Iodine I 131 Monoclonal Antibody TNT-1/B in Treating Patients With Progressive or Recurrent Glioblastoma Multiforme

OBJECTIVES:

Primary

- Determine the maximum tolerated dose of iodine I 131 monoclonal antibody TNT-1/B in
patients with progressive or recurrent glioblastoma multiforme.

Secondary

- Determine the biodistribution and radiation dosimetry of this drug in these patients.

- Determine the toxicity and tolerability of this drug in these patients.

- Determine the overall survival, median time of survival, and 6-month survival of
patients treated with this drug.

OUTLINE: This is an open-label, multicenter, dose-escalation study of therapeutic doses of
iodine I 131 monoclonal antibody TNT-1/B (^131I MOAB TNT-1/B).

The first 12 patients accrued to the study undergo stereotactic placement of 2 catheters
within the contrast-enhancing tumor on day 0. These patients then receive an imaging dose of
^131I MOAB TNT-1/B interstitially over approximately 25 hours on day 1 followed by
dosimetry, biodistribution evaluations, and whole body imaging over an 8-10 day period.
Beginning at least 2 weeks, but no more than 4 weeks later, all patients undergo catheter
placement as above. One day later, patients receive a therapeutic dose of ^131I MOAB TNT-1/B
interstitially over approximately 25 hours.

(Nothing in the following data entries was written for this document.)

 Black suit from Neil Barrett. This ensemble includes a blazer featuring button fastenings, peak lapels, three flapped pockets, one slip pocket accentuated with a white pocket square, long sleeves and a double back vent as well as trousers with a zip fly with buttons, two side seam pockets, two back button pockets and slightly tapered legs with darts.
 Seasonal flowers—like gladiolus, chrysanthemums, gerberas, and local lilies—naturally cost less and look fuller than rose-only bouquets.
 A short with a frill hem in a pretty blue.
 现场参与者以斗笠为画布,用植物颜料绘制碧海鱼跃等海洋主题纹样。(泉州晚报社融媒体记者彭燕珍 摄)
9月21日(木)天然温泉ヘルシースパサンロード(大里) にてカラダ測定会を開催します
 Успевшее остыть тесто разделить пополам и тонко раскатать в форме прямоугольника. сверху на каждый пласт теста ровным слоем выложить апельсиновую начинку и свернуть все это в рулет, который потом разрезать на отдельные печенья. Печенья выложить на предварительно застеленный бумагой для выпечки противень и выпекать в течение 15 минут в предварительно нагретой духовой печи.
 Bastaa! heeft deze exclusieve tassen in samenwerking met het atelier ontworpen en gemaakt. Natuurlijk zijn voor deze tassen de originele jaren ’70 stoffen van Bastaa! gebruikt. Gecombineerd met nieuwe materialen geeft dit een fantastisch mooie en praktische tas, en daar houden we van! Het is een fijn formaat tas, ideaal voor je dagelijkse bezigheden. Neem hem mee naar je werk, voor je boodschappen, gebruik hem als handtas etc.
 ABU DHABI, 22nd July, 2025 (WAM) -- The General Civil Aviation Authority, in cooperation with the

Cohorts of 3-6 patients receive escalating therapeutic doses of ^131I MOAB TNT-1/B until the
maximum tolerated dose (MTD) is determined. The MTD is defined as the dose preceding that at
which 2 of 3 or 2 of 6 patients experience dose-limiting toxicity. An additional 10 patients
are treated at the MTD.

After completion of study treatment, patients are followed weekly for 3 weeks, at 6 weeks,
at 4, 8, and 12 weeks (for the first 12 patients accrued to the study), every 4 weeks until
disease progression, and then every 8 weeks thereafter.

PROJECTED ACCRUAL: Approximately 22 patients will be accrued for this study.

DISEASE CHARACTERISTICS:

- Histologically confirmed glioblastoma multiforme

- Focal disease

- Progressive or recurrent disease after prior treatment with radiotherapy and/or
chemotherapy

- Low-grade astrocytoma that progressed to glioblastoma multiforme after prior
radiotherapy and/or chemotherapy allowed

- Gross tumor volume 5-60 mL

- No intraventricular tumor, infratentorial tumor, or tumor that communicates with the
ventricles

- No bilateral non-contiguous gadolinium-enhancing tumor

- No diffuse disease, defined as any satellite lesion > 1.5 cm from the anticipated
location of a catheter tip OR > 2 satellite lesions

- No ventricular invasion outside the anticipated radiotherapy volume

PATIENT CHARACTERISTICS:

Age

- 18 and over

Performance status

- Karnofsky 60-100%

Life expectancy

- Not specified

Hematopoietic

- Absolute neutrophil count ≥ 1,500/mm^3

- Platelet count ≥ 100,000/mm^3

- Hemoglobin ≥ 9.0 g/dL

Hepatic

- Bilirubin ≤ 1.5 mg/dL

- AST and ALT ≤ 2.5 times upper limit of normal (ULN)

- Hepatitis B negative

- No evidence of active hepatitis

Renal

- Creatinine ≤ 1.7 mg/dL

- BUN ≤ 2 times ULN

Cardiovascular

- No uncontrolled hypertension

- No unstable angina pectoris

- No uncontrolled cardiac dysrhythmia

Other

- Not pregnant or nursing

- Negative pregnancy test

- Fertile patients must use effective contraception

- Able to undergo MRI

- Mini Mental State Exam score ≥ 15

- No serious infection

- No other medical illness that would preclude study participation

- No other malignancy within the past 5 years except curatively treated carcinoma in
situ or basal cell skin cancer

- No psychological or sociological condition, addictive disorder, or other condition
that would preclude study compliance

- No known or suspected allergy to study drug or iodine

- No known HIV positivity

PRIOR CONCURRENT THERAPY:

Biologic therapy

- No prior monoclonal antibodies

- No prior local immunotherapy or treatment with the following biologic agents:

- Immunotoxins

- Immunoconjugates

- Antiangiogenesis compounds

- Antisense agents

- Peptide receptor antagonist

- Interferons

- Interleukins

- Tumor infiltrating lymphocytes

- Lymphokine-activated killer cells

- Gene therapy

Chemotherapy

- See Disease Characteristics

- At least 4 weeks since prior chemotherapy (6 weeks for nitrosoureas)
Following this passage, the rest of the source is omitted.